The majority of cases of PJIs were caused by staphylococci (1492, 65.2%; 95% CI 63.2%–67.2%), followed by Enterobacteriaceae (466, 20.4%; 95% CI 18.7%–22%). The proportion of staphylococci decreased over the study period (67% in 2003–2004, 62.3% in 2011–2012; p 0.093) and the percentage of Enterobacteriaceae increased (17.7% in 2003–2004, 24.2% in 2011–2012; p 0.070), although these changes were not statistically significant. The following six species, in decreasing order, were involved in more than 80% of all PJIs: Staphylococcus aureus, Staphylococcus epidermidis, Escherichia coli, Pseudomonas aeruginosa, Enterococcus faecalis and Propionibacterium acnes (however, it should be remembered that, in many cases, coagulase-negative staphylococci were not identified to species level). Among the aerobic Gram-positive cocci and Gram-negative bacilli, the specific microbial aetiology did not change significantly overall during the study period and no particular organism contributed disproportionately to the decline in Gram-positive cocci or the increase in Gram-negative bacilli as causes of PJI (Fig. 1b,c). The only significant trends over time were the proportion of infections caused by Morganella morganii, increasing from 0.7% in 2003–2004 to 3.3% in 2011–2012 (p 0.012), and the declining percentage of Salmonella species, from 0.7% in 2003–2004 to 0% in 2011–2012 (p 0.041). There were no significant trends for other isolated microorganisms.

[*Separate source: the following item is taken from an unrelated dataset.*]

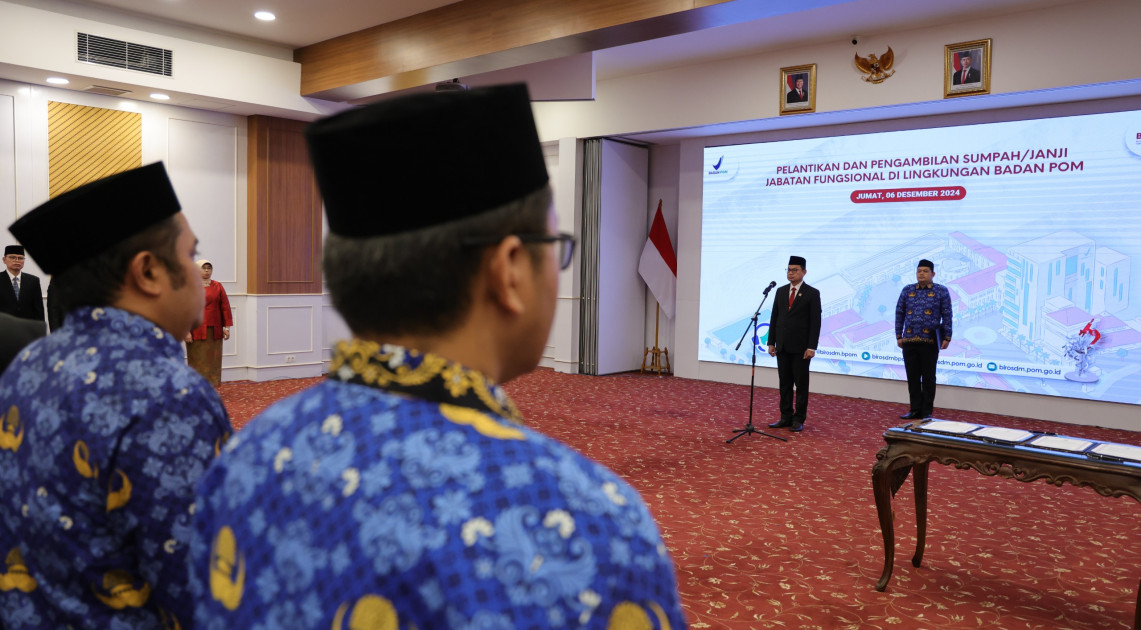 Jakarta – Kepala BPOM Taruna Ikrar melantik dan mengambil sumpah atau janji 88 pejabat fungsional di lingkungan BPOM di Jakarta, Jumat (6/12/2024). Pelantikan dan pengambilan sumpah ini merupakan hal penting bagi BPOM sebagai institusi untuk menunjang fungsi terdepan dalam pengawasan obat dan makanan.

The four most frequent species involved in each of the classification groups were: (1) Chronic PJI: S. epidermidis (391, 33.2%), S. aureus (236, 20%), coagulase-negative staphylococci not identified at the species level (197, 16.7%) and Propionibacterium acnes (61, 5.2%); (2) Early post-interventional PJI: S. aureus 299 (35.6%), S. epidermidis 130 (15.5%), E. coli 129 (15.4%) and P. aeruginosa 128 (15.3%); (3) Acute haematogenous infections: S. aureus 104 (39.2%), E. coli 33 (12.5%), Streptococcus agalactiae 29 (10.9%) and viridans group streptococci 12 (4.5%).
Multidrug-resistant PJIs
Multidrug-resistant bacteria (following the specified definition) were involved in 321 PJIs (14%, 95% CI 12.6%–15.5%) during the study period, including 180 methicillin-resistant S. aureus (MRSA) (7.9%, 95% CI 6.8%–9.1%) and 146 multidrug-resistant Gram-negative bacilli (6.3%, 95% CI 5.4%–7.4%); MRSA and multidrug-resistant Gram-negative bacilli were simultaneously involved in five PJIs. The proportion of PJIs caused by multidrug-resistant bacteria increased from 9.3% in 2003–2004 to 15.8% in 2011–2012 (p 0.008) (Fig. 2). The percentage of MRSA increased from 4.7% in 2003–2004 to 9.5% in 2009–2010, but decreased to 7.6% in 2011–2012 (p 0.183). The following four species accounted for almost 90% of all PJIs due to multidrug-resistant Gram-negative bacilli: E. coli (74, 3.2%, 95% CI 2.5%–4%), P. aeruginosa (25, 1.1%, 95% CI 0.6%–1.5%), Klebsiella species (17, 0.7%, 95% CI 0.4%–1.1%) and Proteus species (15, 0.7%, 95% CI 0.3%–1%). Multidrug-resistant Gram-negative bacilli increased from 5.3% in 2003–2004 to 8.2% in 2011–2012 (p 0.032); specifically, there was an increase over time in the proportion of multidrug-resistant E. coli (the proportion doubled from 2% in 2003–2004 to 4.3% in 2011–2012; p 0.061), Klebsiella pneumoniae (0% in 2003–2004 to 1.1% in 2011–2012; p 0.051), P.–aeruginosa (0.7% in 2003–2004 to 1.8% in 2011–2012; p 0.044), and M. morganii (0% in 2003–2004 to 0.8% in 2011–2012; p 0.025). Forty-two of 146 multidrug-resistant Gram-negative bacilli were extended-spectrum β-lactamases producing Enterobacteriaceae; in the global series, the proportion (1.9%, 95% CI 1.3%–2.5%) increased from 0.7% in 2003–2004 to 2.6% in 2011–2012 (p 0.117). We found nine AmpC β-lactamase-producing Enterobacteriaceae and three carbapenemase-producing Gram-negative bacilli. Other resistance mechanisms were involved in multidrug-resistant aerobic Gram-negative bacilli leading to non-susceptibility to at least one agent in three or more antimicrobial categories [
Multidrug-resistant, extensively drug-resistant and pandrug-resistant bacteria: an international expert proposal for interim standard definitions for acquired resistance.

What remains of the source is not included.